Work order:
Your copy should start at the line with "フェアモントエンプレスホテル" and end at the line with "18kt rose gold My" in the data below. Transcribe only those lines, exactly, pictures excluded.

Provided material:
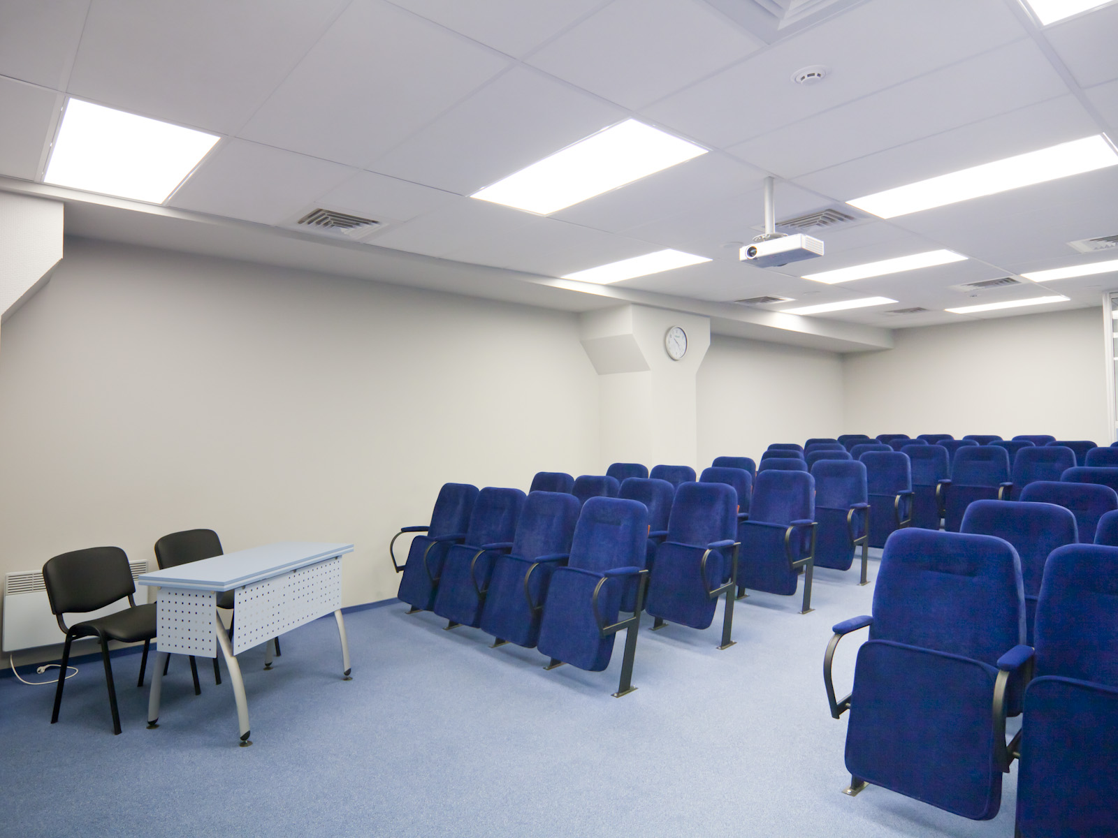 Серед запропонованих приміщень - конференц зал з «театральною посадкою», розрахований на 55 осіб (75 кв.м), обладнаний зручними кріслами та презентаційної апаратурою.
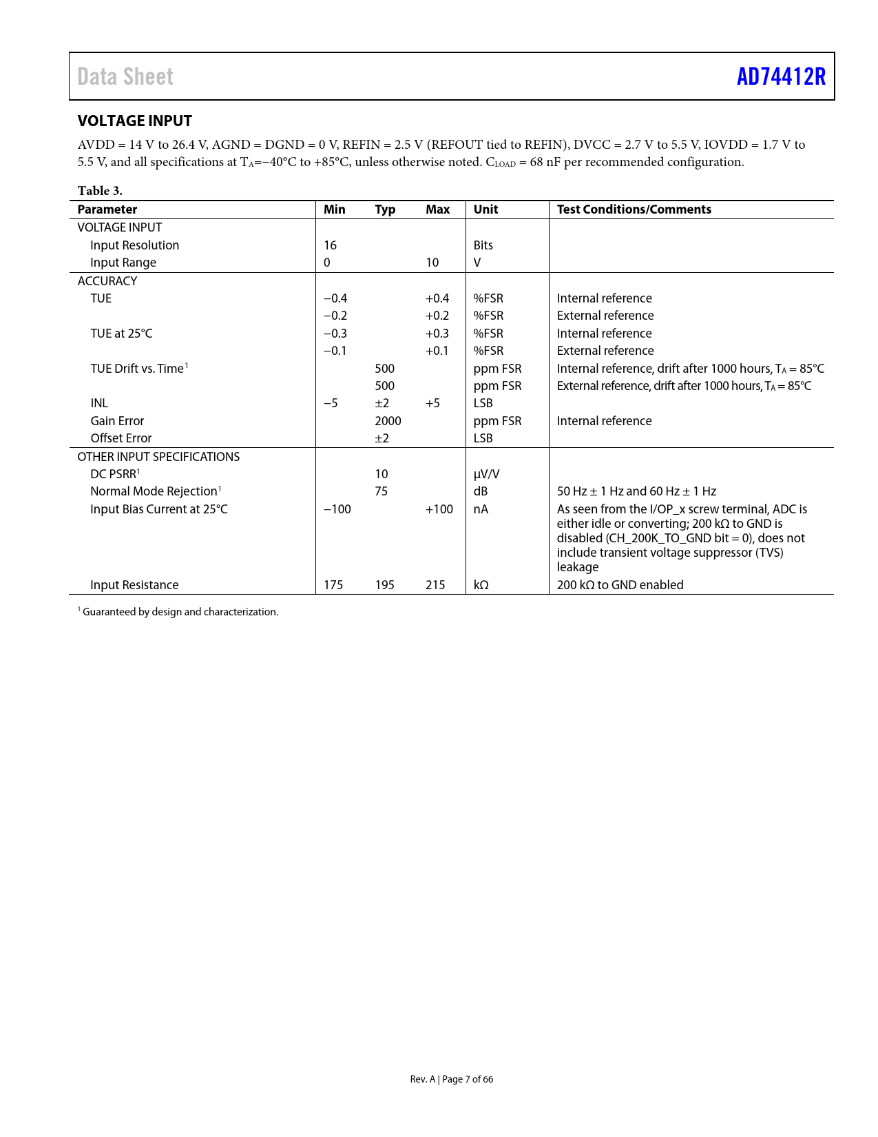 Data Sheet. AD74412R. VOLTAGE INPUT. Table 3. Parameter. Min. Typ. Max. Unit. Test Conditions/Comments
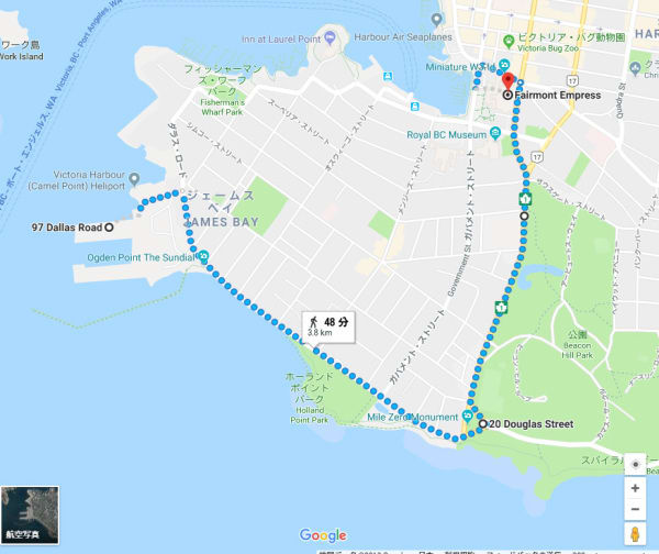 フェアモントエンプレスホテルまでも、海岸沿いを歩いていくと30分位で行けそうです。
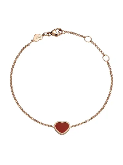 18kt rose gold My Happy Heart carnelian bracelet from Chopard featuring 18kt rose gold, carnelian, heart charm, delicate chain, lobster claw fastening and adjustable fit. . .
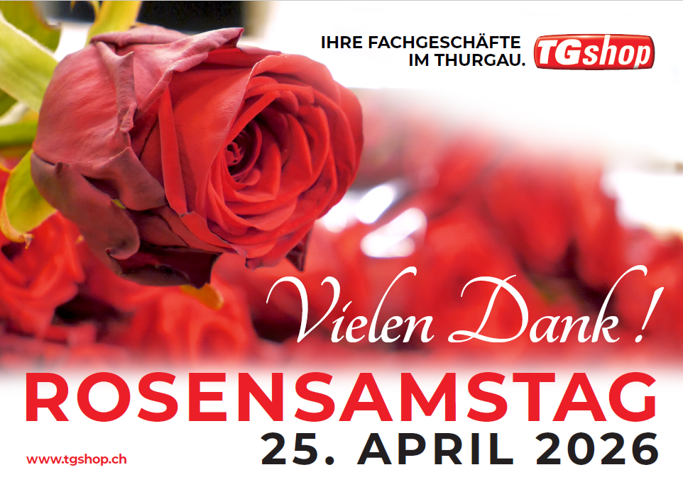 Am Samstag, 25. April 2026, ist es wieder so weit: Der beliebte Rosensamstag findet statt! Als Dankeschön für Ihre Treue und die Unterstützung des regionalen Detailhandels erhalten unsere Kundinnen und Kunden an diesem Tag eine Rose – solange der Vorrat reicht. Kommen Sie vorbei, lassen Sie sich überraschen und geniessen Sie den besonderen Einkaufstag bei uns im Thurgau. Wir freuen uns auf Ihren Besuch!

Exercise solution:
 フェアモントエンプレスホテルまでも、海岸沿いを歩いていくと30分位で行けそうです。
 18kt rose gold My Happy Heart carnelian bracelet from Chopard featuring 18kt rose gold, carnelian, heart charm, delicate chain, lobster claw fastening and adjustable fit. . .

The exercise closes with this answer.